The Comfort of Memories

“When your friends are gone and you only can look at pictures, then remeber, that times and people change but that memories stay forever.” 

C.M.

Losing loved ones is hard. For my friends and I, the past few years have dealt us some serious losses.

If you are lucky, you have memories to comfort you as you adjust and move on.

If you are luckier, you have friends who sit beside you and share their stories as you share your own.

Eventually, we all find ways to move on. It took me awhile to understand moving on did not mean forgetting. This realization eased my sorrow and restored daily joy. I found some fun and easy ways to keep each person in my daily routines.

A few examples:

–I have a votive candle burning as a daily rembrance.

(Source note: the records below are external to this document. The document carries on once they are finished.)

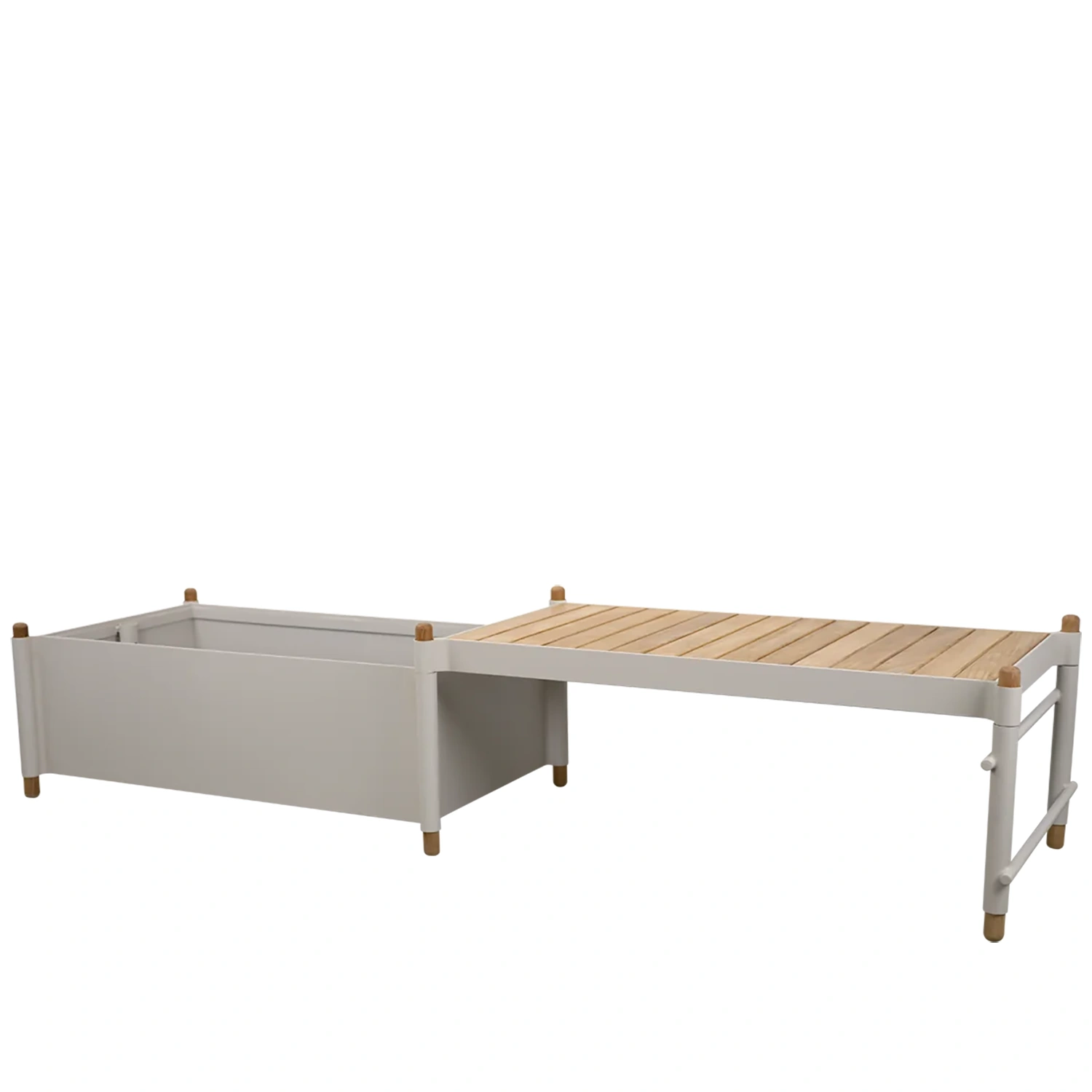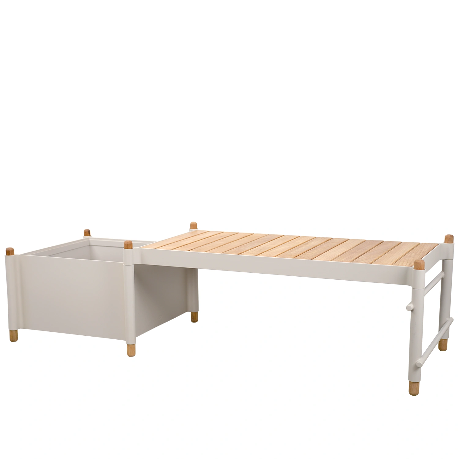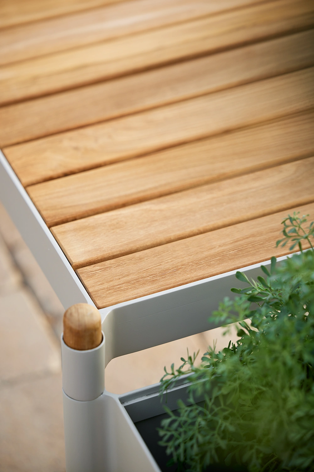 Sticks bänk med blomlåda kombinerar funktionalitet med elegant design inspirerat av en pinnekonstruktion. Designet har en naturlig och modern estetik, och den rymliga blomlådan i aluminium är robust och väderbeständig, vilket gör den idealisk för utomhusbruk. Bänken i förstklassig teak tillför både värme och komfort.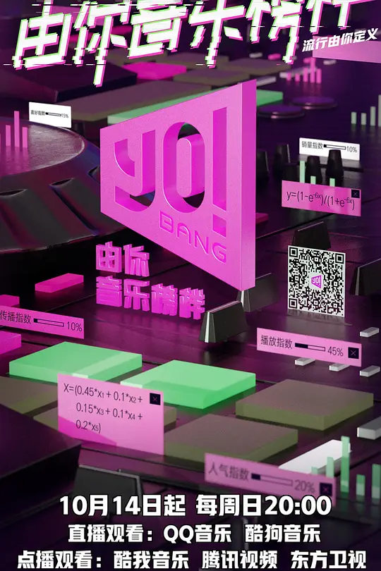 《由你音乐榜样》(YO! BANG)是结合TME腾讯音乐娱乐首次联动旗下三平台(QQ音乐、酷狗音乐、酷我音乐),打通音乐数据所推出的“由你音乐榜”榜单 ,而重磅推出的C-POP潮流音乐打榜节目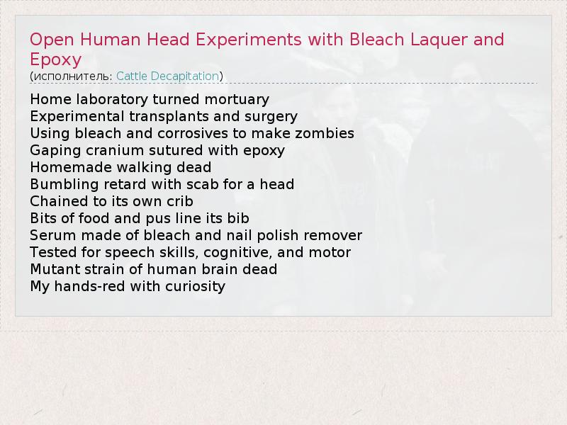 А как ты думаешь, о чем песня "Open Human Head Experiments with Bleach Laquer and Epoxy" ?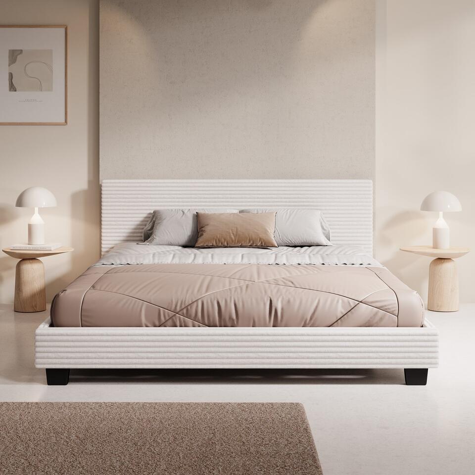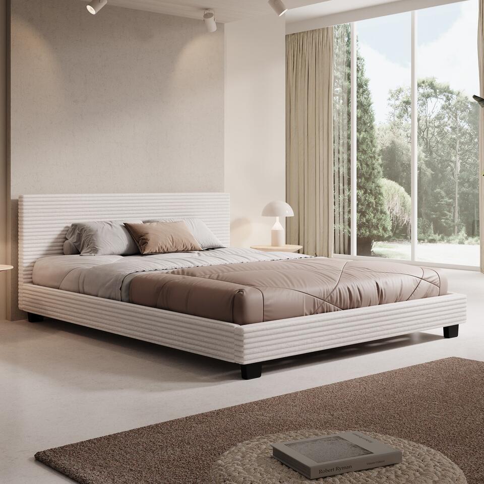 Meubella - Tweepersoonsbed George - Beige ribstof - 160x200 cm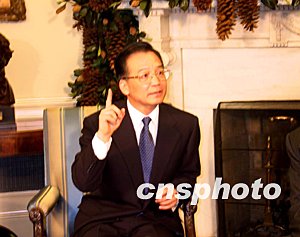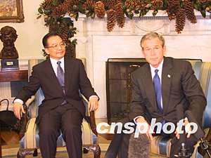 當(dāng)天上午的歡迎儀式后,溫家寶與布什先進(jìn)行了小范圍會(huì)談,會(huì)見(jiàn)了記者,然后雙方又進(jìn)行了大范圍會(huì)談,就中美關(guān)系和一些重大國(guó)際問(wèn)題交換了看法。

–I have gardens around our house named in honor of them–even parts for our dogs.

–I have certain plants named after them so I can talk with them.

I have opened my mind to the signs they send. letting me know they are near. I have come to believe that our loved ones stay close to us–we just need to be aware of their signs and believe.

I found the following sometime ago by an unknown author who had some of the same ideas.

Hi.

This is your late loved one speaking. I don’t have long, so listen up because I have a lot I want to tell you. 

First off, I get it. 

Ever since I left this world you have missed me, and I know you’re bracing for the holidays without me. No matter what anyone says, this year’s festivities are going to be really tough. 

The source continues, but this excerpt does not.